The court concludes that the letter is what Fairbanks argues it is, merely notice under Section 7(C) of the contract that Hutchins will be held in default if the overdue amount is not paid by October 8, the date listed in the letter. This clearly comports with the contractual requirements under the Note. Nowhere does the letter state that Hutchins is in default — it stated only that he is in breach or default. The contract itself does not allow for default until after the date listed in the Section 7(C) notice letter. Moreover, the contract provides a detailed definition of default. This letter obviously does not come close to fulfilling the contract's definition, as there was no evidence of a letter being sent previously informing the debtor that if any overdue amount is not paid he or she will be in default.

Construing the letter as such, Schlosser v. Fairbanks Capital Corp., ___ F.3d ___, 2003 WL 1401417 (7th Cir. March 20, 2003) is distinguishable. In Schlosser, Fairbanks sent a formal notice of default to the plaintiffs informing them that they were in default and that the mortgage would be accelerated if the entire unpaid balance was not paid. Id. at *1. This letter also allegedly violated the FDCPA because it did not notify the debtors of their right to contest the debt in writing. Id. As it turns out, the plaintiffs' mortgage in Schlosser was not in default, and only through mistake did Fairbanks believe it to be so. Id. Under these facts, the court concluded that the FDCPA applied to Fairbanks because of its mistaken belief that the debtor was in default. As the court stated, the provision exempting from the FDCPA a debt collector attempting to collect a debt not in default did "not apply because Fairbanks attempted to collect on a debt that it asserted to be in default and because the asserted default existed when Fairbanks acquired the debt." Id. at *5 According to the court, any other result would be "implausible" because "[i]t makes little sense, in terms of the conduct sought to be regulated, to exempt an assignee from the application of the FDCPA based on a status it is unaware of and that is contrary to its assertions to the debtor." Id. at *4. Thus, the result in Schlosser was based on the fact that at the time Fairbanks acquired the debt, it believed the plaintiffs to be in default.
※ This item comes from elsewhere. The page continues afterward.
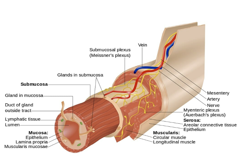 The myenteric plexus is situated between the smooth muscle layers and regulates their function.

No such facts are present in this case. The record in this case does not support the notion that Fairbanks believed that the debt was in default when it was acquired. The letter Fairbanks sent to Hutchins on September 19 does not say (what would have been mistakenly) that Hutchins was in default. Hutchins attempts to portray Fairbanks as believing that Hutchins was in default based on EquiCredit's letter sent on September 8. As stated above, however, the court does not believe that the September 8 letter either placed Hutchins in default or illustrates that either EquiCredit (or its assignee Fairbanks) believed Hutchins to be in default. The letter does not state definitively that Hutchins is in default, unlike the letter in Schlosser, which clearly stated "This letter constitutes formal notice of default." Id. at 1. Nor could this letter have held Hutchins in default, as the contractual definition of the term would not have been satisfied until he was sent notice under Section 7(C) of the contract. The September 8 letter fits into the express terms of the contract, in that before Hutchins could be in default, he had to be served with notice telling him that if he did not pay by a certain date listed in the letter, he would in default. No other evidence suggests that either EquiCredit or Fairbanks otherwise thought Hutchins was in default when the assignment was made. Accordingly, the court concludes that Hutchins' loan was not in default when Fairbanks obtained it for servicing. Thus, Fairbanks is not a debt collector under the FDCPA and all Counts of Hutchins' Amended Complaint are properly dismissed.*fn1


Fairbanks' motion to dismiss, or in the alternative, motion for summary judgment is granted [#28]. Hutchins' motion for summary judgment on liability is denied [#23]. Hutchins' motion for class certification is denied as moot [422]. Hutchins' objection to Fairbanks' motion for supplemental authority is overruled as the court did not consider the evidence in making its decision [442]. This case is terminated.